§ Work task
Return the records from the first line through the line containing "NLGI 1和2是马克GC-LB NLGI认证批准。雪佛龙Delo油脂EP满足麦克MG-C油脂的要求规范。", and leave out the pictures.

Records from a collection:
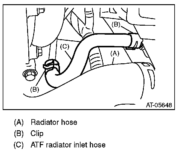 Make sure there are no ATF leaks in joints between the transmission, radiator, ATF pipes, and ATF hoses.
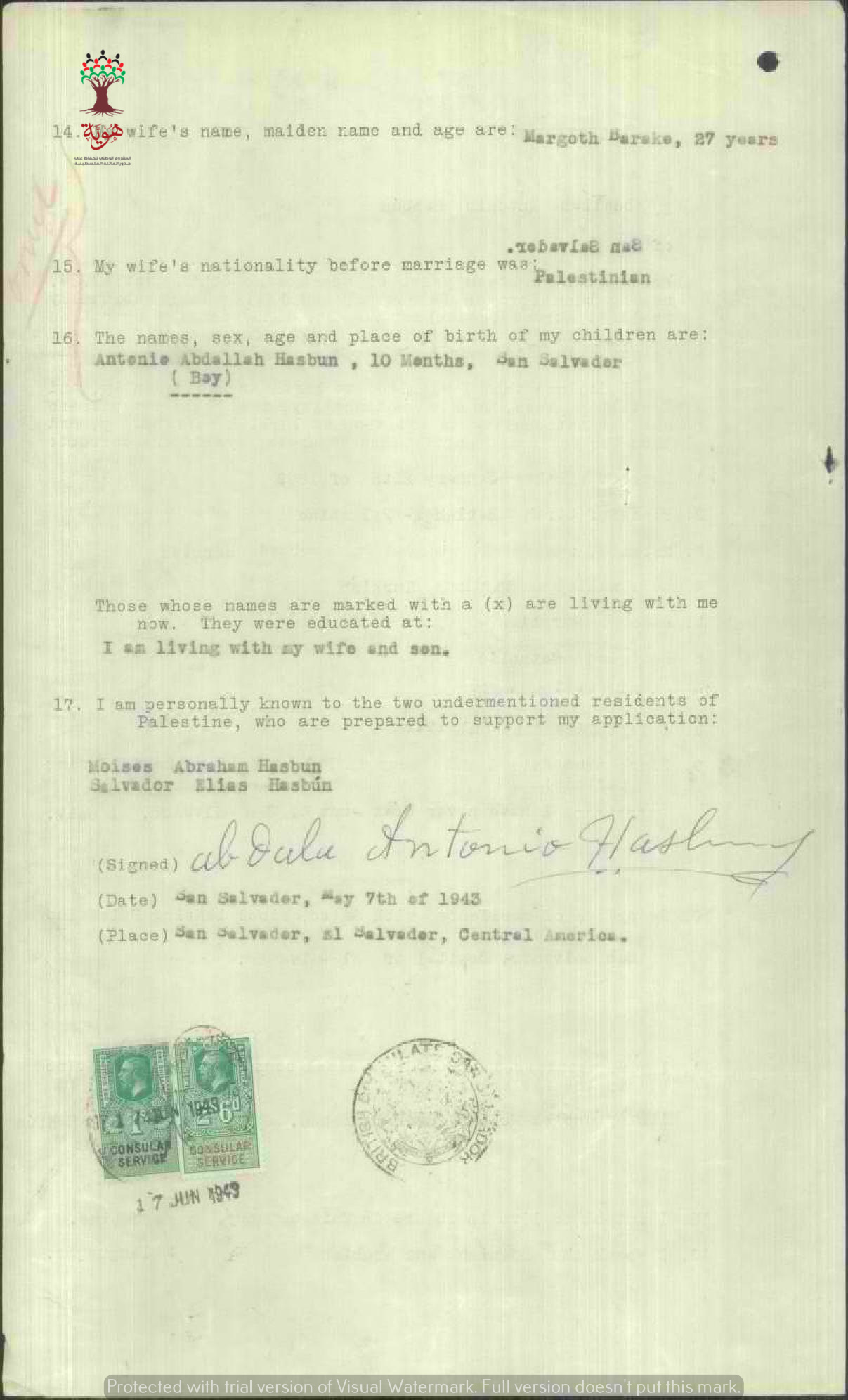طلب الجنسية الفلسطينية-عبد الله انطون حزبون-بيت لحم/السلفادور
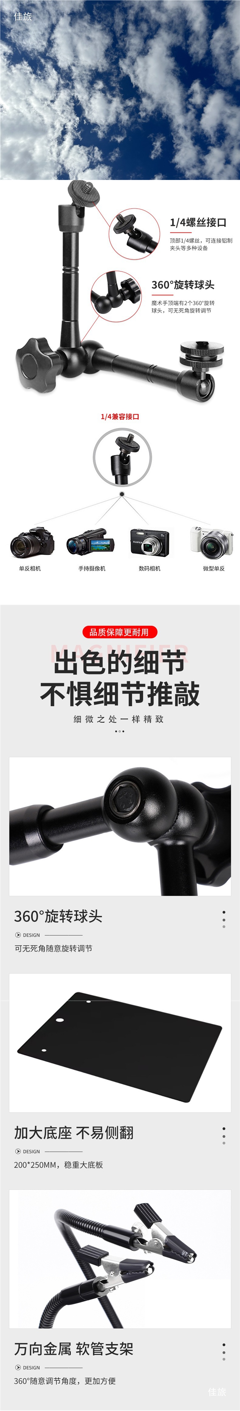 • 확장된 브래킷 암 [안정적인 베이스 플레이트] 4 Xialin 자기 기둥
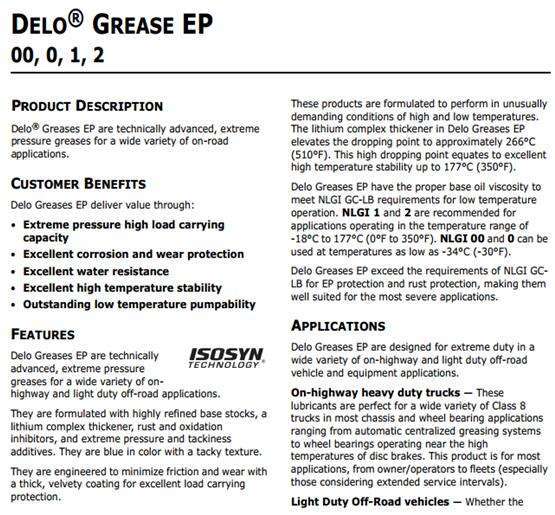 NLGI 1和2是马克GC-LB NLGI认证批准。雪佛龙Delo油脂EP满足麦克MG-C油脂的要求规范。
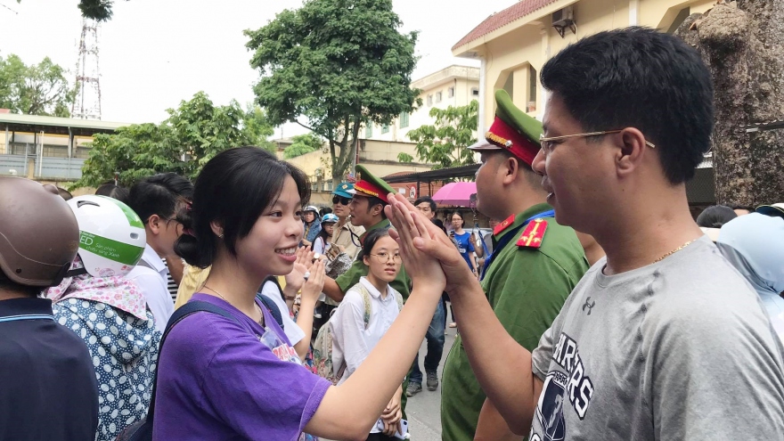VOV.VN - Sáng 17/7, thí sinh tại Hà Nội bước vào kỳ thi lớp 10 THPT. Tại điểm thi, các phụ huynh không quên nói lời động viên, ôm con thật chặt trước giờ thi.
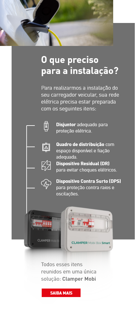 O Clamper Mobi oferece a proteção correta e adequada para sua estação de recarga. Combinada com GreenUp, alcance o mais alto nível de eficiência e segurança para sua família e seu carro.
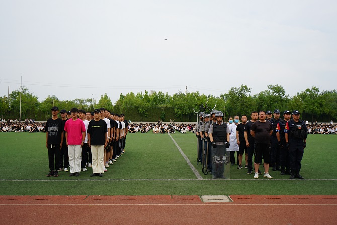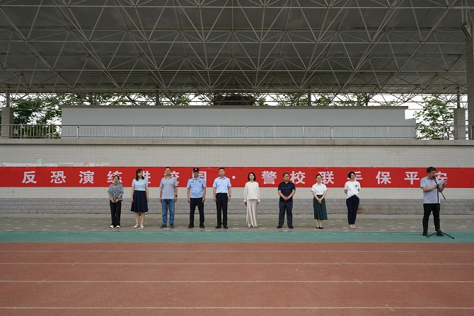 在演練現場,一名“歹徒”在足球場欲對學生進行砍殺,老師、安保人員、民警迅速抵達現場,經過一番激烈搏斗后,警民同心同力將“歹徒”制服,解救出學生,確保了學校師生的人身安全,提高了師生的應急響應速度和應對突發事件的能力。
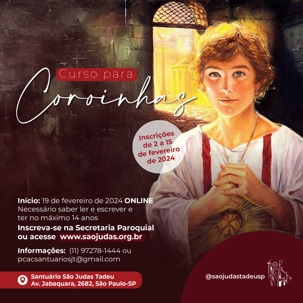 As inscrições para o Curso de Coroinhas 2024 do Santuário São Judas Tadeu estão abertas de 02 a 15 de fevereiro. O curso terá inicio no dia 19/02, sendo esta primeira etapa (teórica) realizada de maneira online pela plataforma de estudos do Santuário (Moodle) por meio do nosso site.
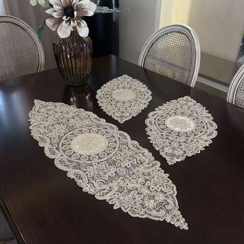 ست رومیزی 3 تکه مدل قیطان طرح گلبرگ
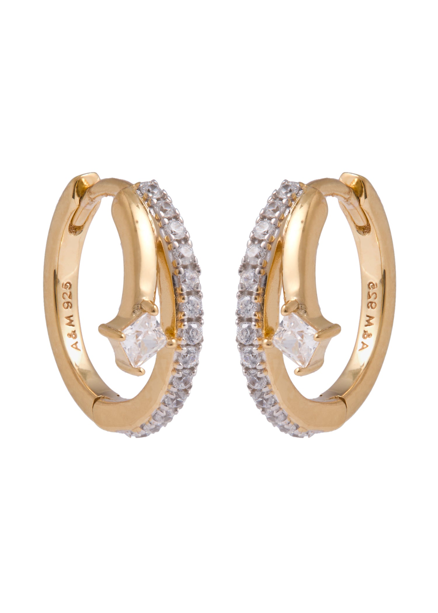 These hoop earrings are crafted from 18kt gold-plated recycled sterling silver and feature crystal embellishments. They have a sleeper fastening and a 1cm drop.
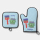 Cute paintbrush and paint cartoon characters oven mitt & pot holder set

§ Final answer
 Make sure there are no ATF leaks in joints between the transmission, radiator, ATF pipes, and ATF hoses.
طلب الجنسية الفلسطينية-عبد الله انطون حزبون-بيت لحم/السلفادور
 • 확장된 브래킷 암 [안정적인 베이스 플레이트] 4 Xialin 자기 기둥
 NLGI 1和2是马克GC-LB NLGI认证批准。雪佛龙Delo油脂EP满足麦克MG-C油脂的要求规范。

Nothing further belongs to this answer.